> **Records shown**
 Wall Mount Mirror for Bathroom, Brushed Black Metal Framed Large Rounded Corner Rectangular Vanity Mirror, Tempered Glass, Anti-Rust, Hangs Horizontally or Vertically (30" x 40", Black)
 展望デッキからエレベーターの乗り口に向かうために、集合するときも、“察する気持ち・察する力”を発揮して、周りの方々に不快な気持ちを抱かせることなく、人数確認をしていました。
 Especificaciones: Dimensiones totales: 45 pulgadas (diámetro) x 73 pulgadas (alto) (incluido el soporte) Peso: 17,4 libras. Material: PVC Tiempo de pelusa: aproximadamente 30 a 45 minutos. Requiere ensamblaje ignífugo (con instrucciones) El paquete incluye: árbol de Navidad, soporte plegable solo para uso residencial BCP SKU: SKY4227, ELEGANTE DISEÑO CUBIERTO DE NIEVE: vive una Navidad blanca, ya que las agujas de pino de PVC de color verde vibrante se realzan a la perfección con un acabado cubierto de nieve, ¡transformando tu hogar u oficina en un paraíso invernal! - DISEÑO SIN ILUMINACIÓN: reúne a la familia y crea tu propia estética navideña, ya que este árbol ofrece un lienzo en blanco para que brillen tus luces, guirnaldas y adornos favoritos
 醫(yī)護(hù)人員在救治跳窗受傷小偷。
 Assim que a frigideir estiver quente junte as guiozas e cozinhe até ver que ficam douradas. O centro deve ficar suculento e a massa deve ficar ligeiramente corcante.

==

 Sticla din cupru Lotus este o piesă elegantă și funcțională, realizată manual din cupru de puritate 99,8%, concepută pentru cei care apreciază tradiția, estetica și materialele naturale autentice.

==

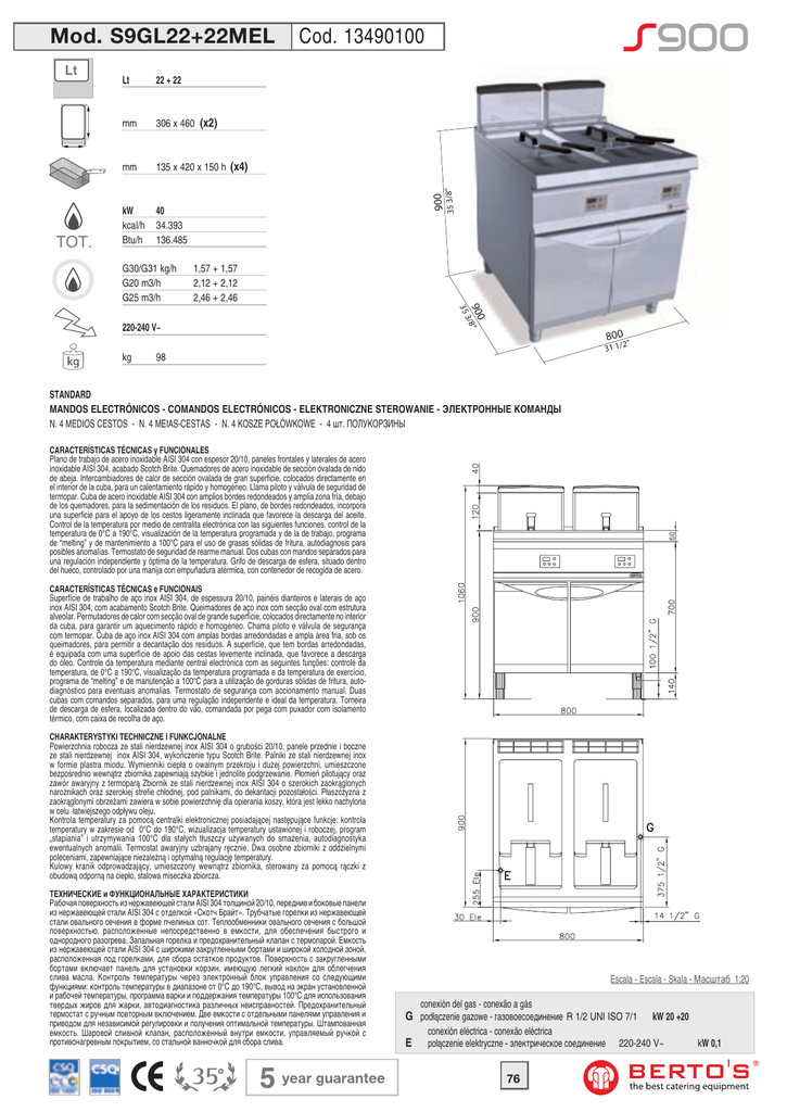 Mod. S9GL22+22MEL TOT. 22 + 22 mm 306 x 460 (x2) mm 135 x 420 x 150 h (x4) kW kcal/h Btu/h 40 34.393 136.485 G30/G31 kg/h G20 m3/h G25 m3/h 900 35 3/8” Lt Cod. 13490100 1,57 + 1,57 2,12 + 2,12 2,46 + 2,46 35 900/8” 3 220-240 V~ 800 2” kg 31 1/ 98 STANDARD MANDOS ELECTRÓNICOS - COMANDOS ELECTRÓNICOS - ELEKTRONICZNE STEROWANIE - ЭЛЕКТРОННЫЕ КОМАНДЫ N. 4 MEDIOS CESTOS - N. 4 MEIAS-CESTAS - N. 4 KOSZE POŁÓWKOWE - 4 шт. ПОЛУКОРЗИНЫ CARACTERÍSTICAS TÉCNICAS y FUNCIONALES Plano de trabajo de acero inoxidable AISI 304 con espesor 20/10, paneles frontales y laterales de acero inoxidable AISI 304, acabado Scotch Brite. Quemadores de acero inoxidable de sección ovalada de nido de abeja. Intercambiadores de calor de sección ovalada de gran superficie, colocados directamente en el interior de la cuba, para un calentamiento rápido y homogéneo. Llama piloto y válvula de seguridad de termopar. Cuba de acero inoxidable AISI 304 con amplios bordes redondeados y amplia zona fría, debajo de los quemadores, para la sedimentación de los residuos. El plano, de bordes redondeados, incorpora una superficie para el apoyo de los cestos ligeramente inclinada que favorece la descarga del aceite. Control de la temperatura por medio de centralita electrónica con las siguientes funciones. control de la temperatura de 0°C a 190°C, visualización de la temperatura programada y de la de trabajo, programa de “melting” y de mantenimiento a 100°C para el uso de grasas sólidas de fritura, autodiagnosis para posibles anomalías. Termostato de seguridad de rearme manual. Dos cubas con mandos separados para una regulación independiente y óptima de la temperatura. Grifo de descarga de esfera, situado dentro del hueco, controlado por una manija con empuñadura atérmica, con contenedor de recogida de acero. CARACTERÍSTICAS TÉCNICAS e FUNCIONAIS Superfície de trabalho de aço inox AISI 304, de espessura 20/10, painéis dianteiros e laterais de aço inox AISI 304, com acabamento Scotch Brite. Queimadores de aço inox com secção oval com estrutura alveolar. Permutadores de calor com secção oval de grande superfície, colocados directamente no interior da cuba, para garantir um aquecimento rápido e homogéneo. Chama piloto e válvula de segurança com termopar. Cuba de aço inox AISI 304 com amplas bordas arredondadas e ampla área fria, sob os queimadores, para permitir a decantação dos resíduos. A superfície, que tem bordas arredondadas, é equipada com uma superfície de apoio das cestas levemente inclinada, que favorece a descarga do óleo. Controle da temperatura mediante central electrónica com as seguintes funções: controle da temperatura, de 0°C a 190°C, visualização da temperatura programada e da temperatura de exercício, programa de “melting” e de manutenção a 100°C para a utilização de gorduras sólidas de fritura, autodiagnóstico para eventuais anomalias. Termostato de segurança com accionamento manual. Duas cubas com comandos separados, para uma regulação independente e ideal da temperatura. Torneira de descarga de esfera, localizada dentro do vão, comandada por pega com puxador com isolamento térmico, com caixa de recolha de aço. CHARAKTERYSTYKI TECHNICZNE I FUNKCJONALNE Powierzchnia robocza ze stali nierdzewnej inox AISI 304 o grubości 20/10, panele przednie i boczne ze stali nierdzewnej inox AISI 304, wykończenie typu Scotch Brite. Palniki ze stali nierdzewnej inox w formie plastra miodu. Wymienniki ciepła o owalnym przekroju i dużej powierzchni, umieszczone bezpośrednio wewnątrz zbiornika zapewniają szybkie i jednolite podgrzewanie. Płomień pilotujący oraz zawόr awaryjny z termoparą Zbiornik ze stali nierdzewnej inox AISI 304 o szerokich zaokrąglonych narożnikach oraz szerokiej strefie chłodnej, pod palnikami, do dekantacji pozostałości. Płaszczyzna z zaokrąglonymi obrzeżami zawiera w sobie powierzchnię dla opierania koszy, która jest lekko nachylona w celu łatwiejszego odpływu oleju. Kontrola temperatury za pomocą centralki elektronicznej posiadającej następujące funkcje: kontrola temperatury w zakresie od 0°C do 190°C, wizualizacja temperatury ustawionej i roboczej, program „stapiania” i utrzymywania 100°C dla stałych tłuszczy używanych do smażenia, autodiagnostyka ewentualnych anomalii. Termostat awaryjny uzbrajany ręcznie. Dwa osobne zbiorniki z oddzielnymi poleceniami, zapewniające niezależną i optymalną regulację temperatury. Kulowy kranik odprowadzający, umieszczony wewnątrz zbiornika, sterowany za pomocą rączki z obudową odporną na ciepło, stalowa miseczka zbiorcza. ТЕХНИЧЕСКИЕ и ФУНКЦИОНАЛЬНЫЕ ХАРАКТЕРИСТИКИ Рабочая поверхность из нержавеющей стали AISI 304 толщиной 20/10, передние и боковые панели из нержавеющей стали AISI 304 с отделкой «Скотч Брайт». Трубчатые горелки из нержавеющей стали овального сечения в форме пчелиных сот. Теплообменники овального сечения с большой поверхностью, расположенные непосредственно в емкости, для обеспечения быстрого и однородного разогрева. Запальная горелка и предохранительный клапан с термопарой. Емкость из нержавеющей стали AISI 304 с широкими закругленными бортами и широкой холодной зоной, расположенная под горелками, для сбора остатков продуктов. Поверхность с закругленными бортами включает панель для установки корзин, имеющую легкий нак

> **Try it**
Working from the material above, restate word for word the lines between the line with "醫(yī)護(hù)人員在救治跳窗受傷小偷。" and the line with "Assim que a", both included, and only those.

> **Response to this exercise**
 醫(yī)護(hù)人員在救治跳窗受傷小偷。
 Assim que a frigideir estiver quente junte as guiozas e cozinhe até ver que ficam douradas. O centro deve ficar suculento e a massa deve ficar ligeiramente corcante.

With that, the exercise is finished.